Fidesz is "so isolated" that yesterday at noon it became a founding member of a sovereignist alliance comprising 16 parties from 15 European Union member states, the director of Századvég announced on Facebook.
In his post, Zoltán Kiszelly listed the participating parties, where, in addition to old allies (see the Polish PIS), he also lists several new right-wing partners.
Fidesz broke with the European People's Party for good in March, after years of internal fighting with the alliance formed by Western European parties within the party. As we wrote, the distance of Fidesz from the European People's Party dominated by the German CDU is the result of a long process.

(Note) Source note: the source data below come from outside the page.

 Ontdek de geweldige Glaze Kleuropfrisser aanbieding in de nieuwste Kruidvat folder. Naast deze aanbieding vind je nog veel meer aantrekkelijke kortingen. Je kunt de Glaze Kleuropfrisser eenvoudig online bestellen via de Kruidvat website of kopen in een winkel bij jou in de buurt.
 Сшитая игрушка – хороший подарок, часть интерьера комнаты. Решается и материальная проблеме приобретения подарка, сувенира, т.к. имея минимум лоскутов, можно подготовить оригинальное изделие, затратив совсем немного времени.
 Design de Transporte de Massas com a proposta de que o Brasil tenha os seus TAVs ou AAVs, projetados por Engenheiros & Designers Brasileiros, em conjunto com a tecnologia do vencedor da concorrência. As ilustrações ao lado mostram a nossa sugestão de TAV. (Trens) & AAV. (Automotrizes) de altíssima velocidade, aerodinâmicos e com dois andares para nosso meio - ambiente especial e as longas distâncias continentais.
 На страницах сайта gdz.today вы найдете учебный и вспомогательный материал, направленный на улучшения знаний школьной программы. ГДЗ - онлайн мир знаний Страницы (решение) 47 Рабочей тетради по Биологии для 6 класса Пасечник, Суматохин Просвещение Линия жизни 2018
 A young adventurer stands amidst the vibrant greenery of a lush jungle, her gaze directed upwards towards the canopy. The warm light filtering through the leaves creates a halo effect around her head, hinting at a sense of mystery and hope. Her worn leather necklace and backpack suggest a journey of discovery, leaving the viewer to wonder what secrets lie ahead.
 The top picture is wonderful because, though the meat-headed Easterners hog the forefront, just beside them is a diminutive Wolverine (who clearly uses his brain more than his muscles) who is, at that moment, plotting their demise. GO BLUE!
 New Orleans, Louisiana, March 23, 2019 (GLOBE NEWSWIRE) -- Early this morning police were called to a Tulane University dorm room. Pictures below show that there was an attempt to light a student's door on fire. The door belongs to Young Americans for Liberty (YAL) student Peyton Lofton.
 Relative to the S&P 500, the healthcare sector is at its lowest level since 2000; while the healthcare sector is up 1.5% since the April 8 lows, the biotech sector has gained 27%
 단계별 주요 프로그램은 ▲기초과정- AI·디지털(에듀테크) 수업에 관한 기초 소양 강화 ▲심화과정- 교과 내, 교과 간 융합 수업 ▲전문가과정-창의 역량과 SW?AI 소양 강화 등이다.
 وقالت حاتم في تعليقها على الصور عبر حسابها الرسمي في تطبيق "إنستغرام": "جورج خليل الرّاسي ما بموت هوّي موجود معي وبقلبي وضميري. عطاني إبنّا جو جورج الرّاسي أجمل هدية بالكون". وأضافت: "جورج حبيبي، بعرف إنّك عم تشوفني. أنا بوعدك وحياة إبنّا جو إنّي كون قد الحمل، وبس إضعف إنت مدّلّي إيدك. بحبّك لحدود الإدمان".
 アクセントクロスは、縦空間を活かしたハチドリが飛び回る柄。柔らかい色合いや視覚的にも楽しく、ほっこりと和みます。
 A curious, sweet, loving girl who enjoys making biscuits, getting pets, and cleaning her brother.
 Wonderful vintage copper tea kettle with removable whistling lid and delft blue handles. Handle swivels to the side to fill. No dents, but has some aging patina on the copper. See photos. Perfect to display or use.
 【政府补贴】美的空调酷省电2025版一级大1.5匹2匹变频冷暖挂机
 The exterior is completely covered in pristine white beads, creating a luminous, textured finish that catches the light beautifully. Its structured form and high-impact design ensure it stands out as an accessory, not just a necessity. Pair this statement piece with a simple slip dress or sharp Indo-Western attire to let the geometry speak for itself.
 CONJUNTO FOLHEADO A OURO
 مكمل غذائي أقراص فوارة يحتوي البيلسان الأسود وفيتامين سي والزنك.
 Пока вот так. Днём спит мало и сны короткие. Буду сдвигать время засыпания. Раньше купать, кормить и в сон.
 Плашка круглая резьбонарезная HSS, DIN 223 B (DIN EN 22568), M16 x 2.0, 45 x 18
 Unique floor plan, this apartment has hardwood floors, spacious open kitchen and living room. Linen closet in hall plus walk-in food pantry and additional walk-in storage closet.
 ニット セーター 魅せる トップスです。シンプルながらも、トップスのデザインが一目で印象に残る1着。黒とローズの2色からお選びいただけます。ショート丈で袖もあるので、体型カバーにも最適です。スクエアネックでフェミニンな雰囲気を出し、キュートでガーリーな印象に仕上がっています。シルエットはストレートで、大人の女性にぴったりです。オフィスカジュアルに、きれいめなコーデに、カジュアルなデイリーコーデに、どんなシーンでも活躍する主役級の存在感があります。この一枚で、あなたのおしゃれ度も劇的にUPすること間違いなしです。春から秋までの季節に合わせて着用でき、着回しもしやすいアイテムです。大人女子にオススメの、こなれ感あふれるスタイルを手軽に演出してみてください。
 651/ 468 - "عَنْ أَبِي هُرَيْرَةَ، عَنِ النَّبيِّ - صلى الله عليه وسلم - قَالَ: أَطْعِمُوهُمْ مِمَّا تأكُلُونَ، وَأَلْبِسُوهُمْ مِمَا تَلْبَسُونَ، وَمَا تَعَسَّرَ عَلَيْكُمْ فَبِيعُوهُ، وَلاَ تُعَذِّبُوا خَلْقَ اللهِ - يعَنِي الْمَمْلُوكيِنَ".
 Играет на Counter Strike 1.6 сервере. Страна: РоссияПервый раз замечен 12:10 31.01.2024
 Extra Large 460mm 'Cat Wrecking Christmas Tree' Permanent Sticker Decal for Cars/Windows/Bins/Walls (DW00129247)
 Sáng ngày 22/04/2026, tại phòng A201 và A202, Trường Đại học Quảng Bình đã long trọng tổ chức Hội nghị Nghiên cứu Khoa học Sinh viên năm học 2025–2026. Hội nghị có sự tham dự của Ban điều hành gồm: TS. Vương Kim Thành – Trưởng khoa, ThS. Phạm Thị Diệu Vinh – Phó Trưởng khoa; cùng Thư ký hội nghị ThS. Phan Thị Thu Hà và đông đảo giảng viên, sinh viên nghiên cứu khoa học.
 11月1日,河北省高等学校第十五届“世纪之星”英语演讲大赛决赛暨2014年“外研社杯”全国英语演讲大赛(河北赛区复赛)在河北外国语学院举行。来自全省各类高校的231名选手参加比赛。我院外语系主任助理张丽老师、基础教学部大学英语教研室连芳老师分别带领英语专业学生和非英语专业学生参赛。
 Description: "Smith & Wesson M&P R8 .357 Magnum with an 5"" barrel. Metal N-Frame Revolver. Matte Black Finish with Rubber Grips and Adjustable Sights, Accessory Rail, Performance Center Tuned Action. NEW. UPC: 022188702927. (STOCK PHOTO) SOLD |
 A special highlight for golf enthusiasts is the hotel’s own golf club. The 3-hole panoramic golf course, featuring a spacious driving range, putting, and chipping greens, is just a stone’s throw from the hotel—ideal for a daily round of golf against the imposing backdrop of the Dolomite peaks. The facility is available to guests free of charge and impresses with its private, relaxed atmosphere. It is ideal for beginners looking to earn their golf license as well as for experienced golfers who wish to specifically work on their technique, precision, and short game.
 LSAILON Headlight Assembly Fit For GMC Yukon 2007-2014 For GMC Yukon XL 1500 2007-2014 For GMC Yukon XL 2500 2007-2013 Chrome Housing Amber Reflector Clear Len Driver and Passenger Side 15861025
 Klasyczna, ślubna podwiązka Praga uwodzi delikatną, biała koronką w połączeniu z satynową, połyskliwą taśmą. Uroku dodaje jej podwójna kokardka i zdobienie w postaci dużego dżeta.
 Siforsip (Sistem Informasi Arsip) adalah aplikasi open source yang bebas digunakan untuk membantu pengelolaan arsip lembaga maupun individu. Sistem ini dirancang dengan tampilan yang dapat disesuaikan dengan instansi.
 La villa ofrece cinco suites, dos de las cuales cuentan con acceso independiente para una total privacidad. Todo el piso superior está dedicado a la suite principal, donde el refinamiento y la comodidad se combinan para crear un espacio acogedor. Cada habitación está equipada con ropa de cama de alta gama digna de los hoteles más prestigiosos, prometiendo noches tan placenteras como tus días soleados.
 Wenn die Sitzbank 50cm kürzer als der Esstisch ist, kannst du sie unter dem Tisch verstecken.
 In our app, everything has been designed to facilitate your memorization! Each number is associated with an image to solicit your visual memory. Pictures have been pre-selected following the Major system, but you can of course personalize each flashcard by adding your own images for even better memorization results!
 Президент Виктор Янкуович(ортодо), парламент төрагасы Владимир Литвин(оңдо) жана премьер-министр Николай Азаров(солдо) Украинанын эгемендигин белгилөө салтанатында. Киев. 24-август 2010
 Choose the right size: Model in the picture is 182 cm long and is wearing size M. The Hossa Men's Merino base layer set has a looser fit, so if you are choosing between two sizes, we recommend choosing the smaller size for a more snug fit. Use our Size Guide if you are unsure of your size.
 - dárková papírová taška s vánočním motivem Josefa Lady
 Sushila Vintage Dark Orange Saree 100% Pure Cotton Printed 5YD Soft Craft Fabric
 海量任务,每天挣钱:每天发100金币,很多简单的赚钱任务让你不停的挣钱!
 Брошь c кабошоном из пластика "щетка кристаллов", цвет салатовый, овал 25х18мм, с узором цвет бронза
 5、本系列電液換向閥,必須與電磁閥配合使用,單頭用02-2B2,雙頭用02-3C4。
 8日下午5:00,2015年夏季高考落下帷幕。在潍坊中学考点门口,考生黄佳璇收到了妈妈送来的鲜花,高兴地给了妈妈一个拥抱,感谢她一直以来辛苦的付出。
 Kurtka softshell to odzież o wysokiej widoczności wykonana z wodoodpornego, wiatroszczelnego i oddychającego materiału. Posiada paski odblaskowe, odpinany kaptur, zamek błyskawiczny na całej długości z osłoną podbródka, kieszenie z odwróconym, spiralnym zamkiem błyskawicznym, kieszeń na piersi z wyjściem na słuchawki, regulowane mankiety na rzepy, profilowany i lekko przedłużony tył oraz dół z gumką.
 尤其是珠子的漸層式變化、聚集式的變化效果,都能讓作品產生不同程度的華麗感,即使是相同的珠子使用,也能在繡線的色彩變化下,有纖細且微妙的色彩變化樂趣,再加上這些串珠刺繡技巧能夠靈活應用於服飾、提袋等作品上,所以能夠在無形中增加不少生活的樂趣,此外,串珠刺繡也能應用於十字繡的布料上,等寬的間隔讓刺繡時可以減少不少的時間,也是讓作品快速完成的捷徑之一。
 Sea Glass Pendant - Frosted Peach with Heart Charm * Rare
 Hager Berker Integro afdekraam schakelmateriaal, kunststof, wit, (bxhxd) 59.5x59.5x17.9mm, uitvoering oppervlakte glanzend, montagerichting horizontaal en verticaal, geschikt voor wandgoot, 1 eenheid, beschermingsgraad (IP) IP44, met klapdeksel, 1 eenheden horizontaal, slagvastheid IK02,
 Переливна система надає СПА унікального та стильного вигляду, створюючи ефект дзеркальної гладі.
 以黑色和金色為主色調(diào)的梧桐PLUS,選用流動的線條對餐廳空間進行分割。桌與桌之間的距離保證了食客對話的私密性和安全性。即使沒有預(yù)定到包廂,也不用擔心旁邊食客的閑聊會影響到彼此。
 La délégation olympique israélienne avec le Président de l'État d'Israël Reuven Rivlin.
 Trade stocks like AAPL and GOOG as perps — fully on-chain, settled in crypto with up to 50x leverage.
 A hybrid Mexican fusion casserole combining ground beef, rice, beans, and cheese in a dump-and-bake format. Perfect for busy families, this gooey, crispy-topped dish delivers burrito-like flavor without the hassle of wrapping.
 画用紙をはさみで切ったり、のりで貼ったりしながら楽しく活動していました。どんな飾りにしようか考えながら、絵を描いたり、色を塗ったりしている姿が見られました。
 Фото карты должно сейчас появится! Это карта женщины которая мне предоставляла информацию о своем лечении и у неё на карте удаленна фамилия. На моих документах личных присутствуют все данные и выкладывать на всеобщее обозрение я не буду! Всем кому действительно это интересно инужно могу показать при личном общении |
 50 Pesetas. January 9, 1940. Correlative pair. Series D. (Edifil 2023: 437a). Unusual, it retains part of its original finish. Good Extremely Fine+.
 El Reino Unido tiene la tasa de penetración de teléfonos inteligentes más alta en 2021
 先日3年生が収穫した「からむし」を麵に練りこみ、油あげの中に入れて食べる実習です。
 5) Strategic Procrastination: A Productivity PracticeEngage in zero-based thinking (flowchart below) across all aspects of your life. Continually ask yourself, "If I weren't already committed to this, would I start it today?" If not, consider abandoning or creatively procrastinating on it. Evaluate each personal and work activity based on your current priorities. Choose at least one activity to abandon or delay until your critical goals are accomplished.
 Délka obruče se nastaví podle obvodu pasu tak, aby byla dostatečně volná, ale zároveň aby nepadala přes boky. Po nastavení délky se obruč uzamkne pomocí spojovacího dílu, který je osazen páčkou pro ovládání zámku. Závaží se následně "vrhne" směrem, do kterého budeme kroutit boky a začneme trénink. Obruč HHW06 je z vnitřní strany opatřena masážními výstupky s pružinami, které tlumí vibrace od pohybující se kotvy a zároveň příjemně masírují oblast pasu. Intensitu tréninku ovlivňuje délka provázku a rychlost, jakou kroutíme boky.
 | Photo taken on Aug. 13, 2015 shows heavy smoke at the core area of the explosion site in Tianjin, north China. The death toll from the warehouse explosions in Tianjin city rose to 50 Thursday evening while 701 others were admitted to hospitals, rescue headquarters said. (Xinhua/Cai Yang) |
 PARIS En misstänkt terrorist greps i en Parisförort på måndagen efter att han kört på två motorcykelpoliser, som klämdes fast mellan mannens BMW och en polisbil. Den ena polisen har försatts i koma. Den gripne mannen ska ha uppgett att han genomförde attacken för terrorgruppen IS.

Recently, starting with the meeting of Matteo Salvini, Mateusz Morawiecki and Viktor Orbán in Budapest, a series of negotiations took place with different right-wing political forces, at the end of which the current alliance was established.
Today, the European right is divided into three larger units, two of which are to the right of the EPP: the ECR faction with 62 seats, which was dominated by the British Conservative Party until Brexit, and since then is controlled by the Polish governing party, PiS, which gave a third, and is led by Giorgia Meloni with the Brothers of Italy (FdI) party and the Czech Civic Democratic Party (ODS). One step to the right is the 75-member Identity and Democracy (ID) group, led by an Italian-French-German triumvirate: it includes Matteo Salvini's League, Marine Le Pen's National Consolidation, and the Alternative for Germany (AfD), and this is where the Austrian Freedom Party ( ÖVP) and the Dutch Freedom Party (PVV).